Reasons for Wanting Bigger Breasts
The first breast enlargement in medical history took place over 100 years ago. The reasons for wanting bigger breasts vary but the main reasons a woman wants breast enlargement are that
- She feels her breasts are too small
- She has unequal breasts
- She wants to regain the size and shape of her breasts after pregnancy/breastfeeding or experiencing significant weight loss.
Improvement in body image usually leads to enhanced self esteem and personal confidence.
Always remember that if you decide to have breast augmentation please make sure you are doing it for yourself and not for others.
Breast Implants (Prostheses)
Many types of breast implants are commercially available. It is important to emphasise the fact that silicone implants are safe! In fact, there is no scientific evidence so far to suggest that silicone causes breast cancer or joint disorders. The shape of the implant can be spherical or anatomical (natural shape or tear-drop shape). This is an example of an anatomically profiled silicone implant:
|Silicone||Saline filled||Oil filled|
shell filled with salt water (saline)
shell filled with soya oil
Good texture and does not interfere with mammogram
Safety concerns have led to suspension of use
Women are advised to have such implants removed and replaced with another type
Furthermore, silicone implants can be smooth or roughened (textured). Smooth implants are less likely to cause rippling (wavy feeling of breast) than textured implants but are more likely to cause scarring and hardening around the implant (this is called capsule formation).
Women considering breast augmentation should be made aware of the fact that the quality (and therefore the cost ) of silicone implants varies according to the manufacturer. The author prefers the use of anatomically shaped textured cohesive gel silicone implants (manufactured by Mentor) . In selected cases round implants are preferred depending upon the patient’s characteristics and wishes.
How is it performed?
There are 4 ways of making the surgical incision (cut):
- Inframammary incision: the cut is made at the lower border (fold) of the breast. This short scar heals well and fades away over time.
- Periareolar incision: the cut is made at the border of the darker skin surrounding the nipple.
- Axillary incision: the cut is made in the armpit.
- Umbilical incision: the cut is made around the belly-button and the implant is inserted with the aid of a long tube (endoscope)
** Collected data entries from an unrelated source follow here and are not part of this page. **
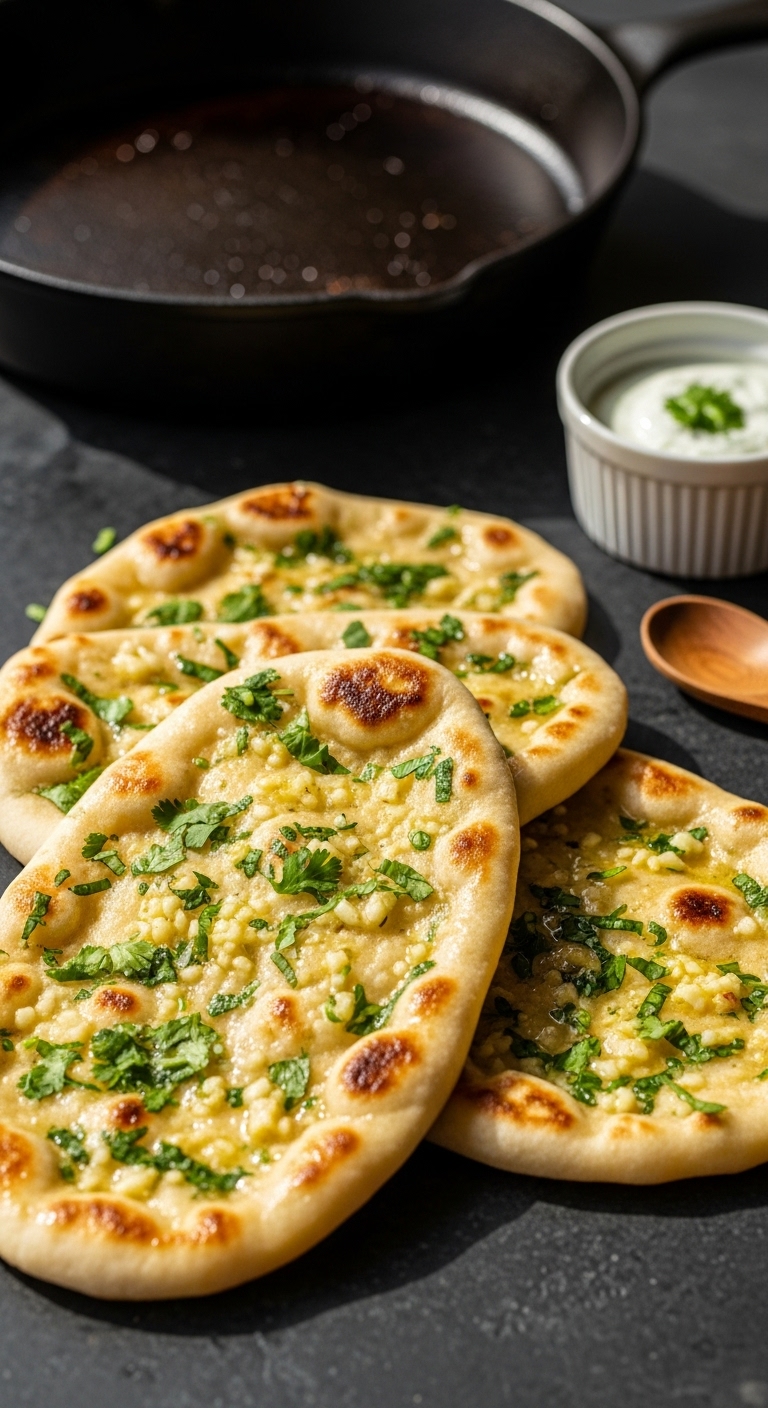 Serve stacked on a warm platter, brushed with extra garlic butter. Garnish with more cilantro and a pinch of flaky sea salt. Pair with butter chicken, dal makhani, or a tangy tomato curry. Store cooled naan in a sealed bag for up to 2 days in the fridge. Reheat in a hot skillet for 30 seconds per side. For make-ahead, freeze flat stacked with parchment between layers.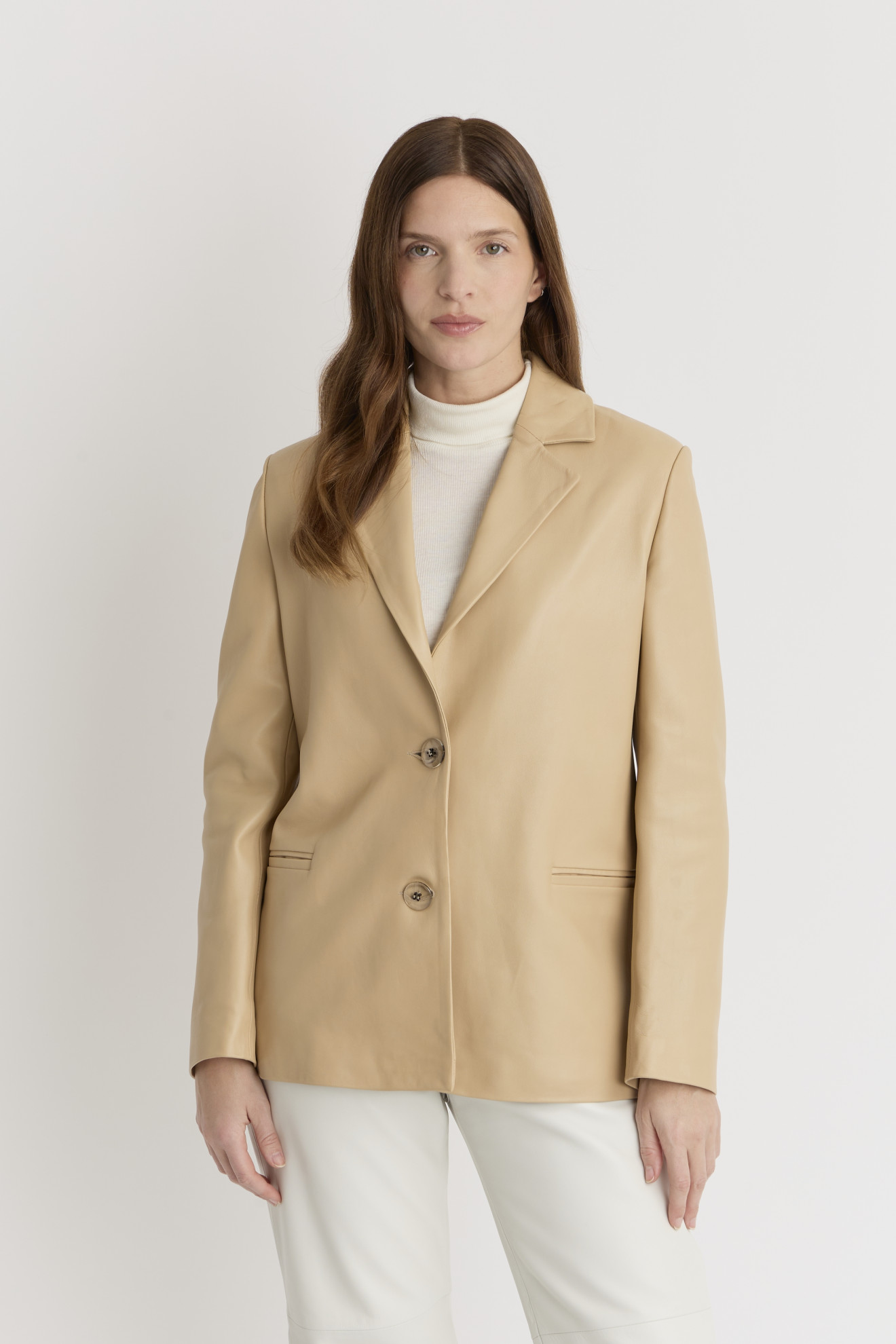 Le modèle HORIZON WAXY est un blazer en cuir d'agneau à manches longues.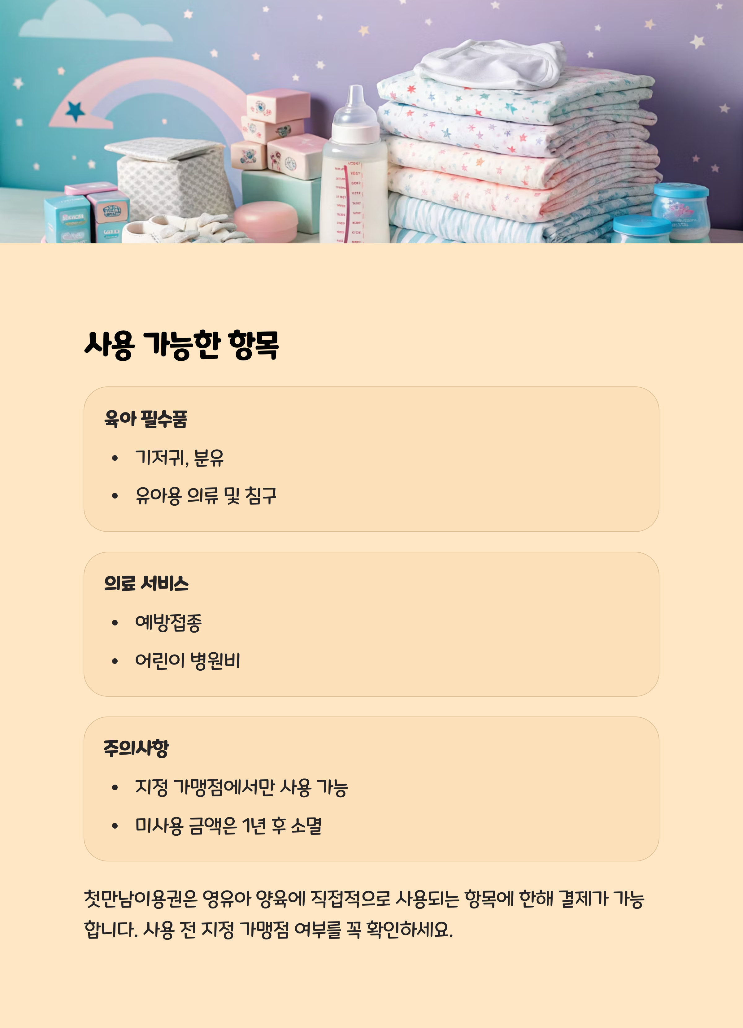 기저귀, 분유, 유아용 의류 및 침구, 예방접종, 어린이 병원비 등 영유아 양육에 직접적으로 사용되는 항목에 한해 결제가 가능합니다. 지정 가맹점에서만 사용이 가능하므로 사전 확인이 필요합니다.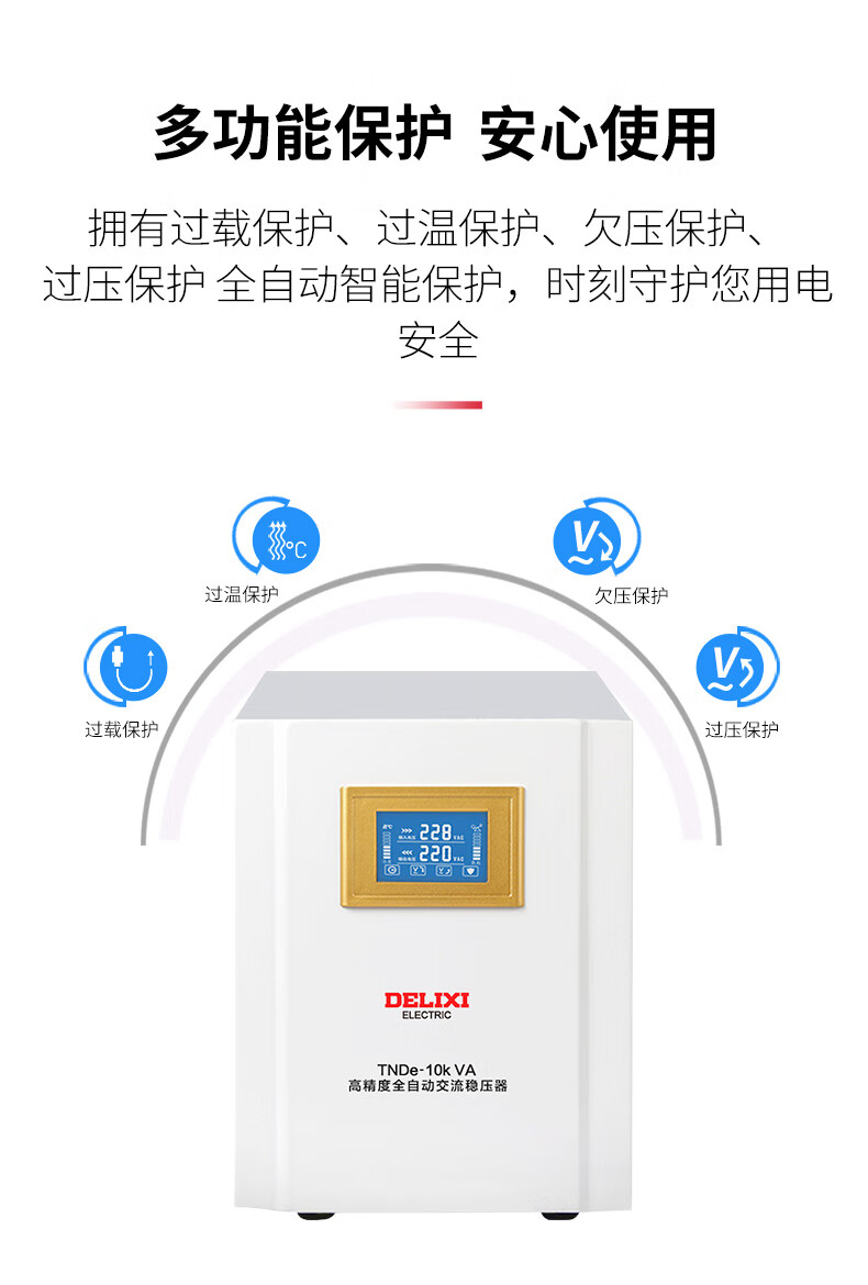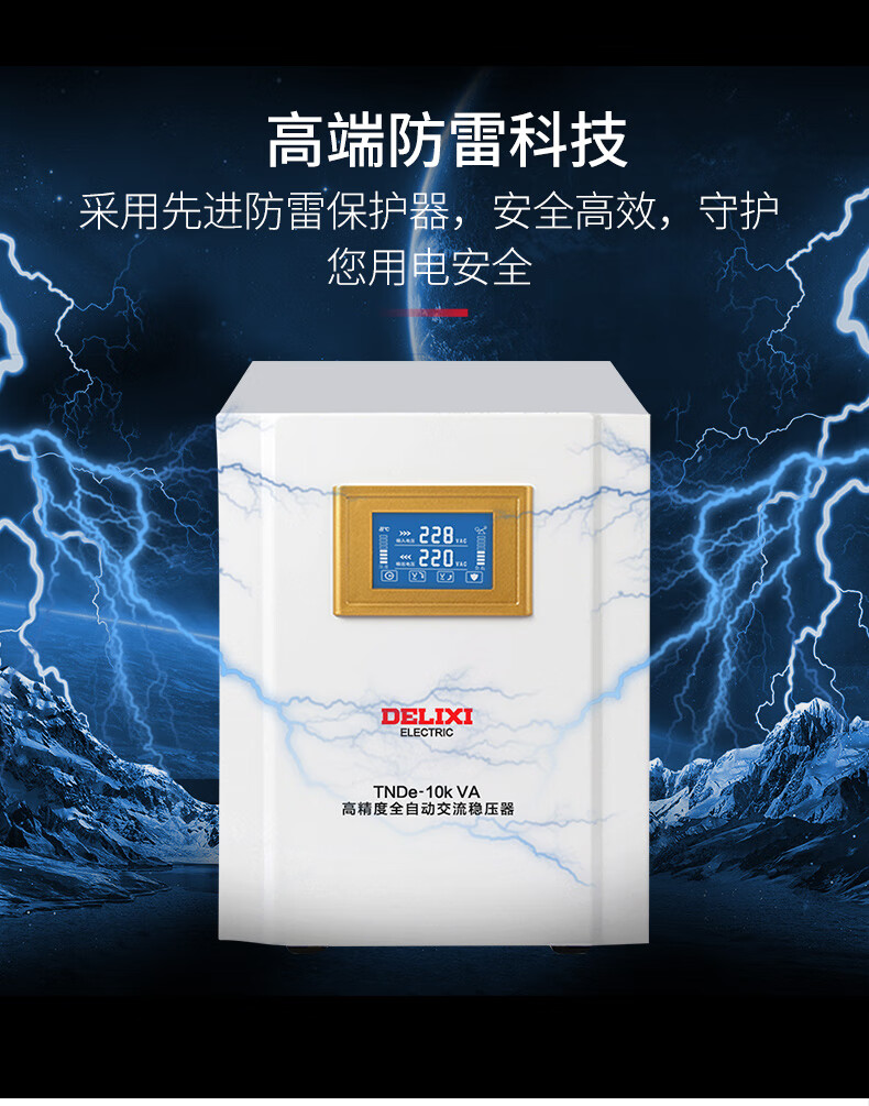 Delixi electrical voltage regulator TND3 fully automatic lightning protection 220v single-phase computer TV power supply voltage regulator stabilizer TND3-1.5KVA digital display lightning protection 1500W + row plug

The implant can be placed under the muscle on the chest wall (subpectoral) or directly under the breast itself (submammary). The author prefers the former method in very slim women in order to reduce the incidence of the implant palpability (the ability to feel the implant) . The submammary (behind the breast) approach causes less pain and leads to faster recovery after surgery. Furthermore it is associated with a more natural and superior cosmetic outcome than the submuscular approach. Therefore this represents the preferred method in most cases.
Breast implants do not seem to compromise breast feeding or breast cancer screening. Leakage from silicone implants may cause a lump in the breast or in the armpit (swollen gland)
Problems with Augmentation
Wound infection develops around the implant in 2% of cases causing pain, discharge, redness and/or fever. Antibiotics are initially used to deal with this complication. If this fails, the implant will require removal and replacement. The surgeon may decide to allow the infection to resolve before inserting a new implant.
I routinely prescribe prophylactic antibiotics to reduce the risk of this complication.
This refers to a blood collection (haematoma) around the implant. The risk of this complication can be minimised by a careful control of bleeding points during surgery and the use of drains (thin tubes) to drain the blood immediately after the operation. Women are also advised to avoid using Aspirin-like drugs the week before the operation. Haematoma may require surgical evacuation.
In the long-term, most breast implants are associated with the formation of a tough layer of tissue around them, called a capsule. In severe cases the capsule becomes very hard, causing discomfort and distortion of the breast. It can be dealt with surgically. Smooth-surfaced implants are more likely to develop this complication than textured (rough-surfaced) implants. The chance of this complication occurring with modern implants is only approximately 5%, which is a very small risk.
Reduced breast sensations
This occurs in approximately 15% of women having breast enlargement.
Silicone leak may cause a breast lump or a lump in the armpit (swollen lymph gland). The diagnosis can be made by an ultrasound scan, however MRI scanning is the most accurate test. When leak occurs, it is advisable to replace the implant. However this is not a medical emergency!
The procedure itself takes between 1 to 2 hours. The stitches are dissolvable, and the wound is covered with a water-proof dressing. The patient feels tired and sore for a few days after surgery but should be up and around in 24 hours. The discomfort can be controlled by simple oral pain killers. Patients are usually given a surgical bra which should be worn for approximately one week after surgery. Then they are advised to use a sport bra for further 3 weeks. The swelling in the breasts may take two to three months to go completely.
Women who have breast augmentation can breastfeed and can have mammograms after surgery. The procedure costs £ 4000-5000 (this includes the use of the most expensive implants).